◆ **Exercise details**
Within the material below, locate the line with "1978年 カルビー プロ野球カード" and the line with "I can then find", then return those two lines and all lines between them, exactly as written.

◆ **Data extracts**

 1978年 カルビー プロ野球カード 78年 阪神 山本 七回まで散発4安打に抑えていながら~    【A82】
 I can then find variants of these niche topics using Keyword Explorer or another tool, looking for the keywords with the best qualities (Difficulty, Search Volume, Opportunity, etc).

---

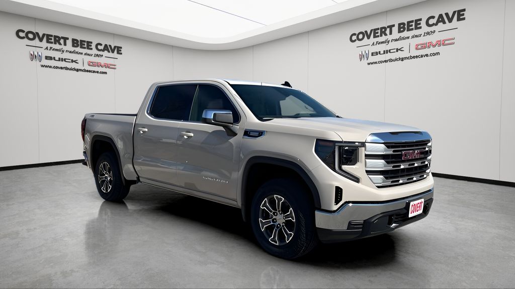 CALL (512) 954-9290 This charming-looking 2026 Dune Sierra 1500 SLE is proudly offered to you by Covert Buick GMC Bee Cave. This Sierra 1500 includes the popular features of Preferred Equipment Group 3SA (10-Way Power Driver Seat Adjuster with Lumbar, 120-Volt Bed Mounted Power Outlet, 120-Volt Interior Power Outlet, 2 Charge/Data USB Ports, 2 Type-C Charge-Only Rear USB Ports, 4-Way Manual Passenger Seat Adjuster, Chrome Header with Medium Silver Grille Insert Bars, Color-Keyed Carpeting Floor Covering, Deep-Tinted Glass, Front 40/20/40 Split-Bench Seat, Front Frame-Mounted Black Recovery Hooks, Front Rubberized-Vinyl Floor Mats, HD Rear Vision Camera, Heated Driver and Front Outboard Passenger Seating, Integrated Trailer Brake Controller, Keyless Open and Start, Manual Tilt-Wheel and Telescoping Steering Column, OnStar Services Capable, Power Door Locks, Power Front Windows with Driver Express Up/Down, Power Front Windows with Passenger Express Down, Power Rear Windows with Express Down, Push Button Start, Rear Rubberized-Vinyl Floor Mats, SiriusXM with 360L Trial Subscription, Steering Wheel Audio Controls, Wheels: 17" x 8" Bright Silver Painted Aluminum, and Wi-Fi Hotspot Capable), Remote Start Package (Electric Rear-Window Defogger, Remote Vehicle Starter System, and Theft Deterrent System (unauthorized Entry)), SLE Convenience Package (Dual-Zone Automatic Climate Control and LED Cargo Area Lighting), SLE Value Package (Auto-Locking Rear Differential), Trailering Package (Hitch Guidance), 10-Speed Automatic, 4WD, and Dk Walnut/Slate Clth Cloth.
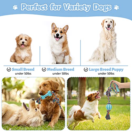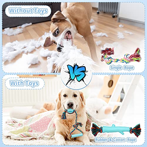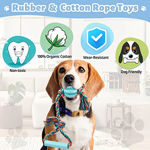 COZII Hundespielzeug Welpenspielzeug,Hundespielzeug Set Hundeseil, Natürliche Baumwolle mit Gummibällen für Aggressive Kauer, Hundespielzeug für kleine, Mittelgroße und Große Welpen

* * *

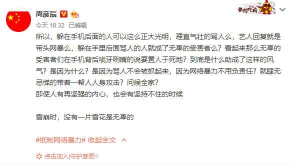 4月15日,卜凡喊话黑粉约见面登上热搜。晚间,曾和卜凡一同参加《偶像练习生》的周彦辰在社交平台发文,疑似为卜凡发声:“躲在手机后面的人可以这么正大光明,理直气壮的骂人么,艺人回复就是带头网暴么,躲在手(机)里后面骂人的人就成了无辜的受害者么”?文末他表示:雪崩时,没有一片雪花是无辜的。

◆ **Task response**
 1978年 カルビー プロ野球カード 78年 阪神 山本 七回まで散発4安打に抑えていながら~    【A82】
 I can then find variants of these niche topics using Keyword Explorer or another tool, looking for the keywords with the best qualities (Difficulty, Search Volume, Opportunity, etc).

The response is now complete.